### Work to complete
The entries below contain pictures, which are to be left out; write out exactly, and only, the lines from the line with "Details: For infants, the" up to and including the line with "From Figure 3, it".

### Data shown

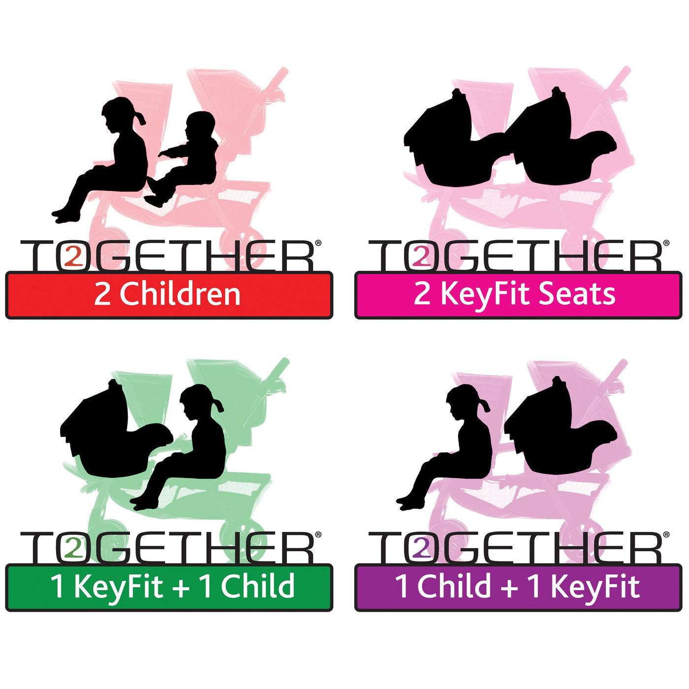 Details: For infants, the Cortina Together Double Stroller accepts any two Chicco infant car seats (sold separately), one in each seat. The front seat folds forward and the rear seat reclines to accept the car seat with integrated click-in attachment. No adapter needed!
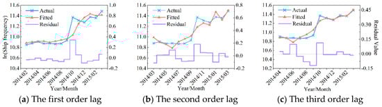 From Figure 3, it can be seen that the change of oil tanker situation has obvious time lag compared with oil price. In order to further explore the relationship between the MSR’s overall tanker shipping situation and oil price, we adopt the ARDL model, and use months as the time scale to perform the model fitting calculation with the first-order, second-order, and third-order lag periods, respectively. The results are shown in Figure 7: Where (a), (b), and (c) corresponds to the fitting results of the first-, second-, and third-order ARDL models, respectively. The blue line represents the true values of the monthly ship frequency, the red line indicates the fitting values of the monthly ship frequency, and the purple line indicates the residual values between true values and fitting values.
---
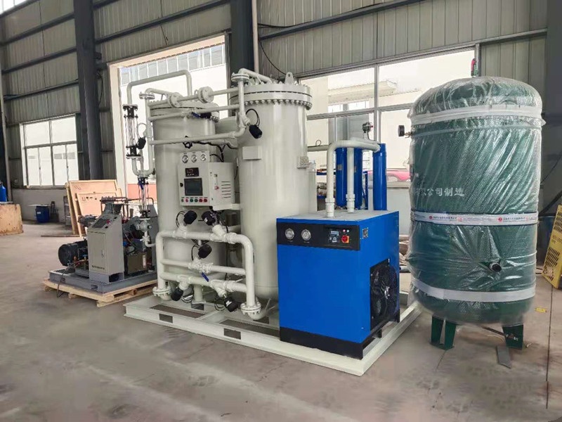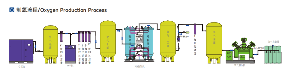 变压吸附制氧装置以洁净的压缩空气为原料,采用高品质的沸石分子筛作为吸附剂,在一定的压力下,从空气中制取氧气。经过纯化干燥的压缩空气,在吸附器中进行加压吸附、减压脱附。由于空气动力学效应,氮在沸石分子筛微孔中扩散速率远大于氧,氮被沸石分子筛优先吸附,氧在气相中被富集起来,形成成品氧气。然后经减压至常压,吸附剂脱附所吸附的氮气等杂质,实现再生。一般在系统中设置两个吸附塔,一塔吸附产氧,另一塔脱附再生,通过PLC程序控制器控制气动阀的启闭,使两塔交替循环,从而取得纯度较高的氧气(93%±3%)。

### Solution
 Details: For infants, the Cortina Together Double Stroller accepts any two Chicco infant car seats (sold separately), one in each seat. The front seat folds forward and the rear seat reclines to accept the car seat with integrated click-in attachment. No adapter needed!
 From Figure 3, it can be seen that the change of oil tanker situation has obvious time lag compared with oil price. In order to further explore the relationship between the MSR’s overall tanker shipping situation and oil price, we adopt the ARDL model, and use months as the time scale to perform the model fitting calculation with the first-order, second-order, and third-order lag periods, respectively. The results are shown in Figure 7: Where (a), (b), and (c) corresponds to the fitting results of the first-, second-, and third-order ARDL models, respectively. The blue line represents the true values of the monthly ship frequency, the red line indicates the fitting values of the monthly ship frequency, and the purple line indicates the residual values between true values and fitting values.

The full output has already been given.